Gridmatic + Zencore | Customer Story: Monitoring GKE Batch Jobs

Zencore helped Gridmatic solution a way to monitor GKE batch jobs that aligned with their existing usage of Cloud Monitoring and Alerting.

Project Challenges

Gridmatic had GKE batch jobs that would potentially continue running after execution, resulting in additional pods being created and consuming resources in the GKE cluster. Metrics for Kubernetes jobs do not exist out of the box on Google Cloud (only on Anthos enabled cluster at the moment).

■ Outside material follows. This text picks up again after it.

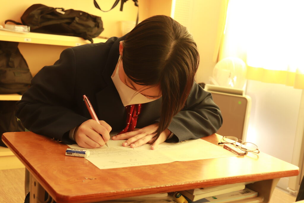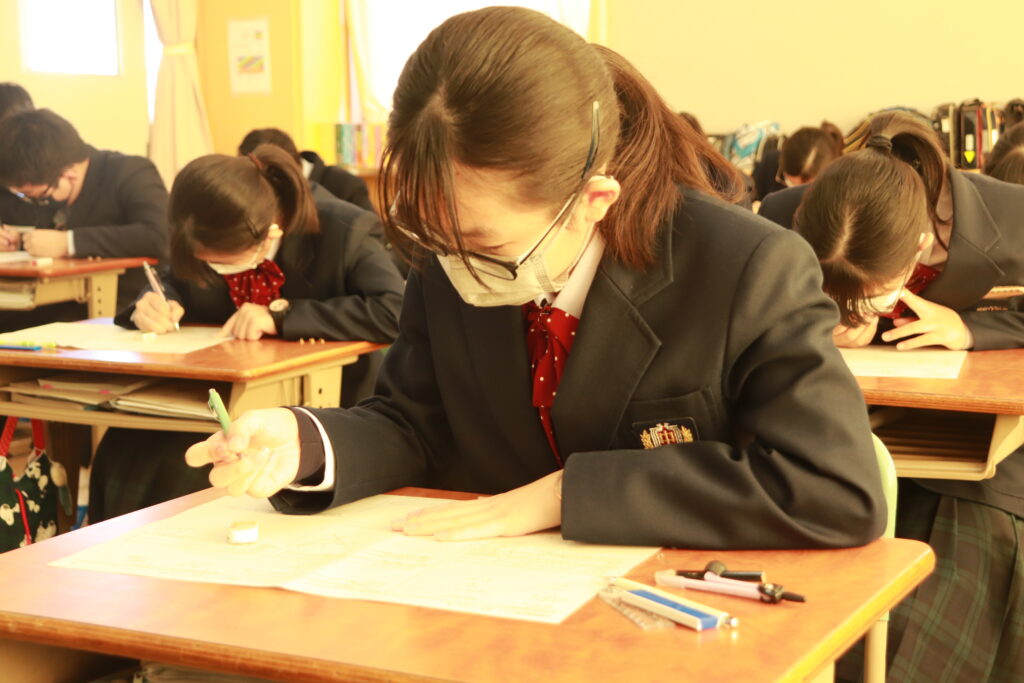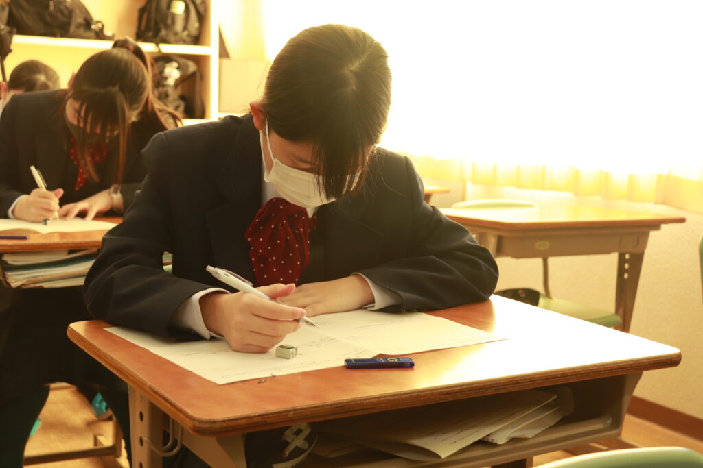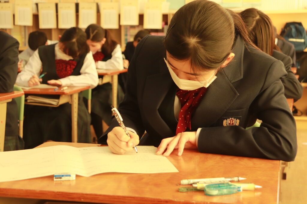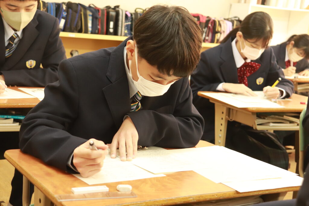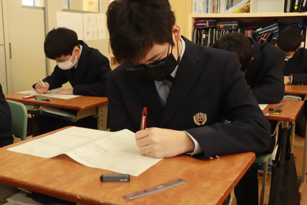 課題定着テストはJ1・J2生が5限目まで、J3生が7限目まで一気にテストを受験するため久しぶりの学校の生徒たちにとってはきつい部分もありますが、最後まで集中してテストに取り組んでいました。先日行われた始業式の中で校長先生から「3学期は次の学年に向けた準備の学期です。」とお話がありました。今回のテストの結果を踏まえて、自分に足りない部分を補い来年度に向けてしっかりと準備を行っていきましょう。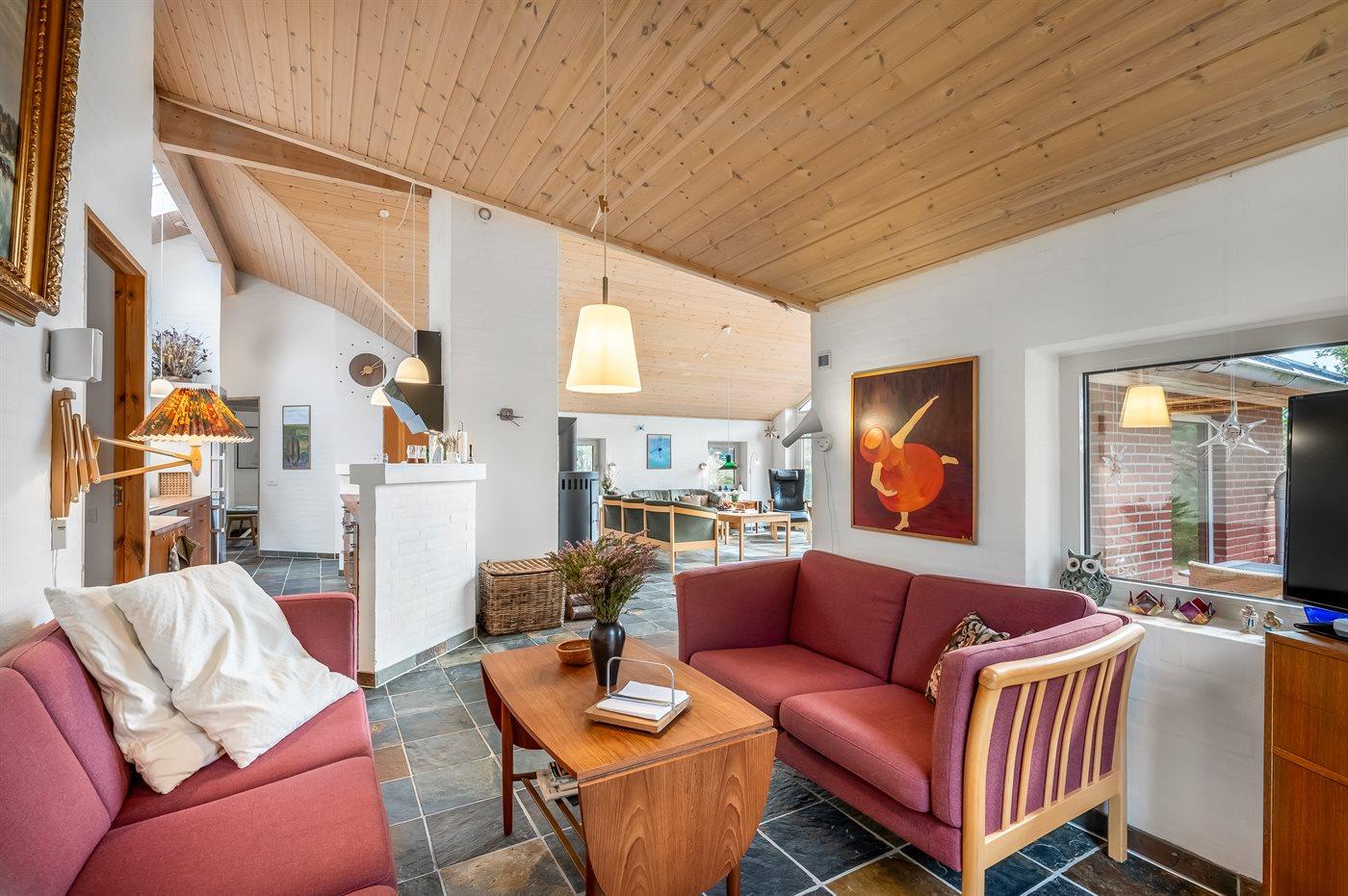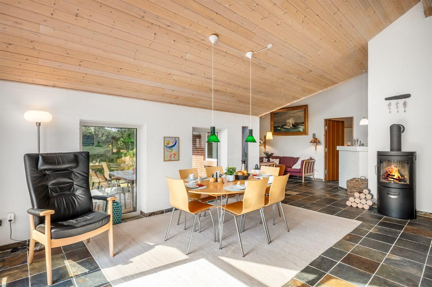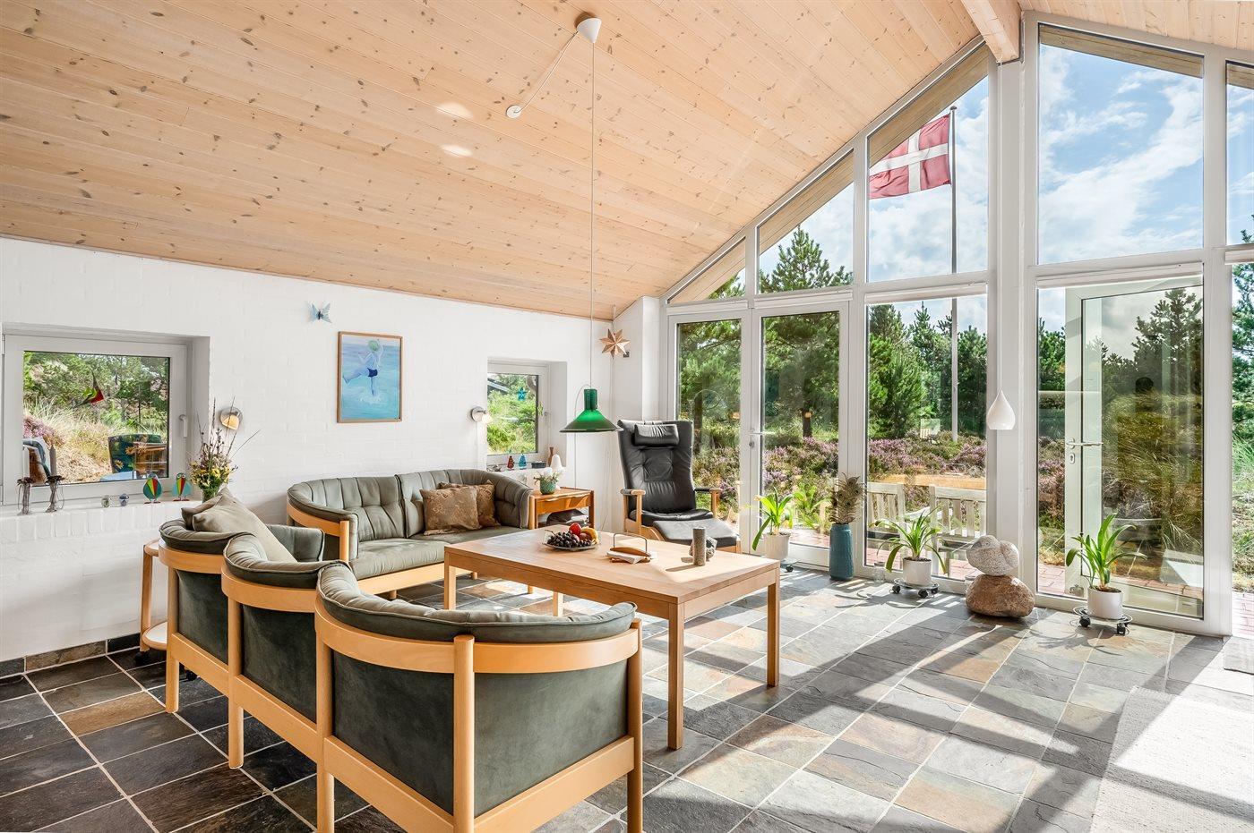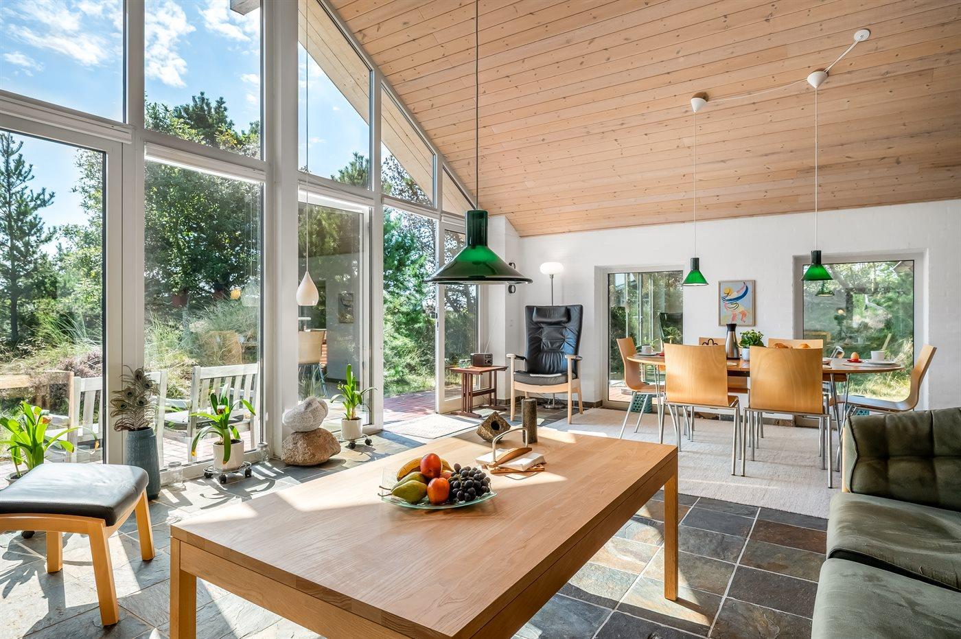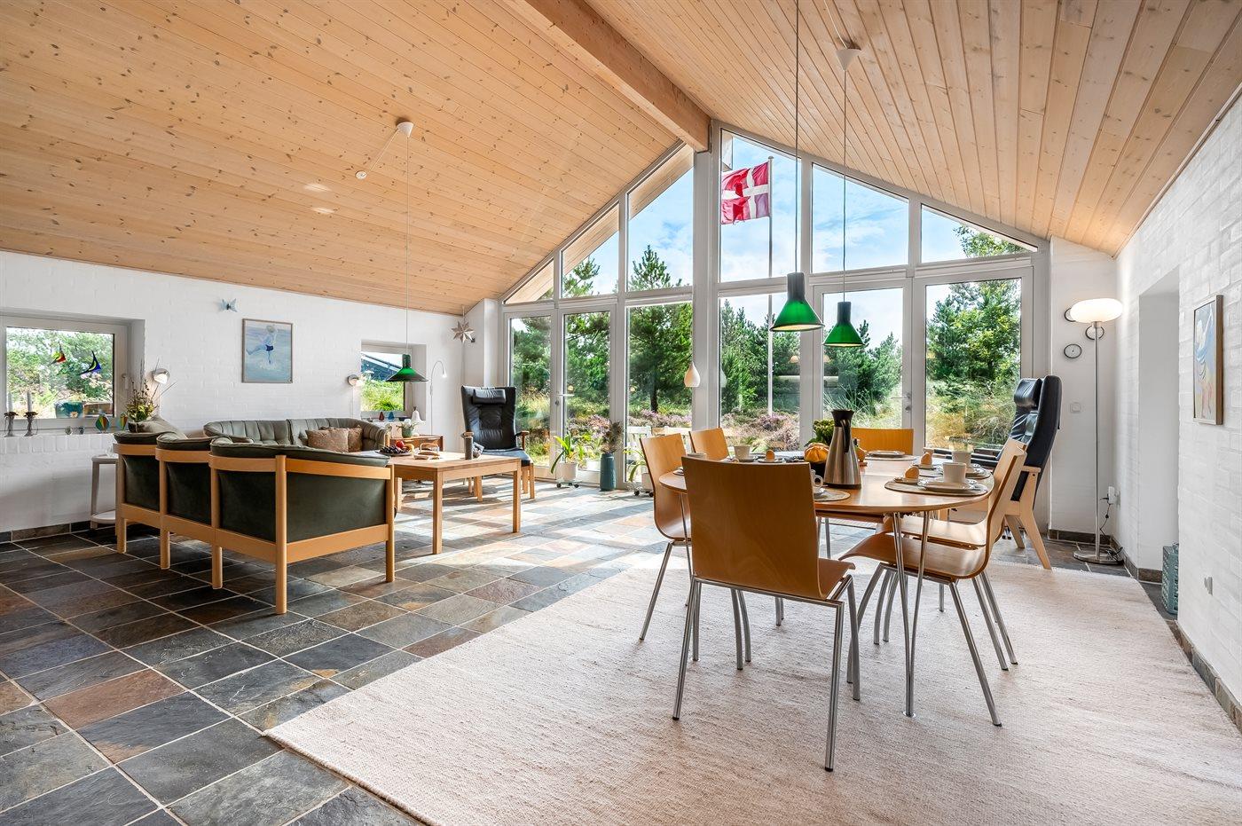 Fra stuen er der direkte adgang til alle husets terrasser. På den måde vil det altid være muligt at finde et sted, hvor det er rart at være, alt efter om man ønsker et solrigt eller skyggefuldt sted. Fra øst terrassen kan man nyde solen stå op over de åbne og vidt strakte lyngarealer. Fra vest terrassen kan man nyde farvespillet på aftenhimlen i solnedgangen.

“The quality of support and the guidance we have received from Zencore since day 1 has helped us immensely while growing on Google Cloud.”
Matt Wytock, CEO, Gridmatic
Project Location: USA
Industry: Energy, Financial services
Use case: Cloud Native Monitoring
Website: Gridmatic

Zencore built a solution using kube-state-metrics and Managed Service for Prometheus. Kube-state-metrics listens to the Kubernetes API server and generates metrics about object state. Prometheus scrapes the kube-state-metric service and pushes those metrics into Cloud Monitoring. A custom query was developed to send alerts when jobs run beyond a specified threshold, and visualize in a dashboard.

Cloud Native Monitoring
High Performance Computing
Machine Learning

Gridmatic implemented the solution in their environment and is able to receive notifications when batch jobs run too long in their cluster. This solution reduced the operational burden on the infrastructure team, allowing them to focus on other engineering work and only requiring action when alerted.

About Gridmatic

Gridmatic works on enabling the clean energy transition, leveraging artificial intelligence and cloud technology for electricity markets.